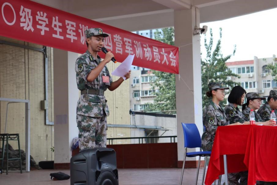 教官代表、四营九连一排排长陈海宾代表执训教官庄严承诺,将牢记教官职责,严格要求自己,为学生做好表率,树立榜样,以高度的责任感和饱满的热情投入军训工作。
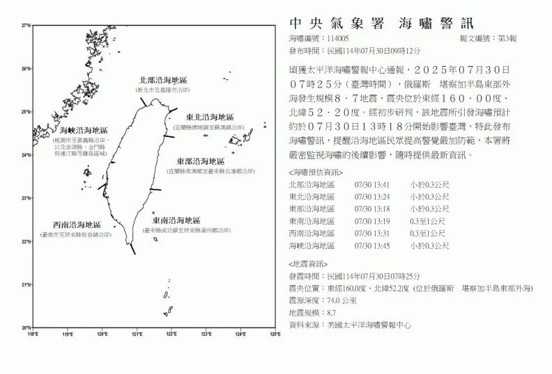 - 中央氣象署海嘯警報中心資料(2025年7月30日)
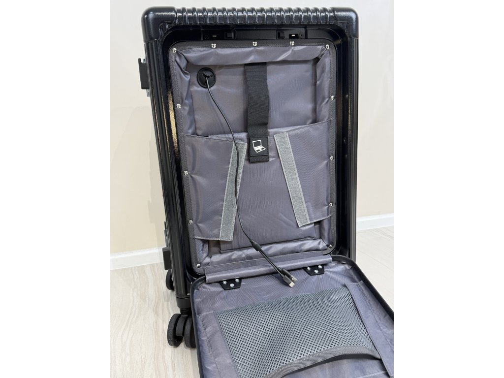 Kufr má zapínání na kovové panty, které jsou opatřeny TSA zámkem. V přední části kufru se také nachází další vyklápěcí přihrádka s úložným prostorem pro notebook a s přihrádkou i příslušenstvím na powerbanku. Přední přihrádka je také opatřena zámkem TSA s nastavitelnou číselnou kombinací.

■ Exercise description
The whole of the data needs to be copied word for word, though not its pictures.

■ Solution to this problem
 教官代表、四营九连一排排长陈海宾代表执训教官庄严承诺,将牢记教官职责,严格要求自己,为学生做好表率,树立榜样,以高度的责任感和饱满的热情投入军训工作。
 - 中央氣象署海嘯警報中心資料(2025年7月30日)
 Kufr má zapínání na kovové panty, které jsou opatřeny TSA zámkem. V přední části kufru se také nachází další vyklápěcí přihrádka s úložným prostorem pro notebook a s přihrádkou i příslušenstvím na powerbanku. Přední přihrádka je také opatřena zámkem TSA s nastavitelnou číselnou kombinací.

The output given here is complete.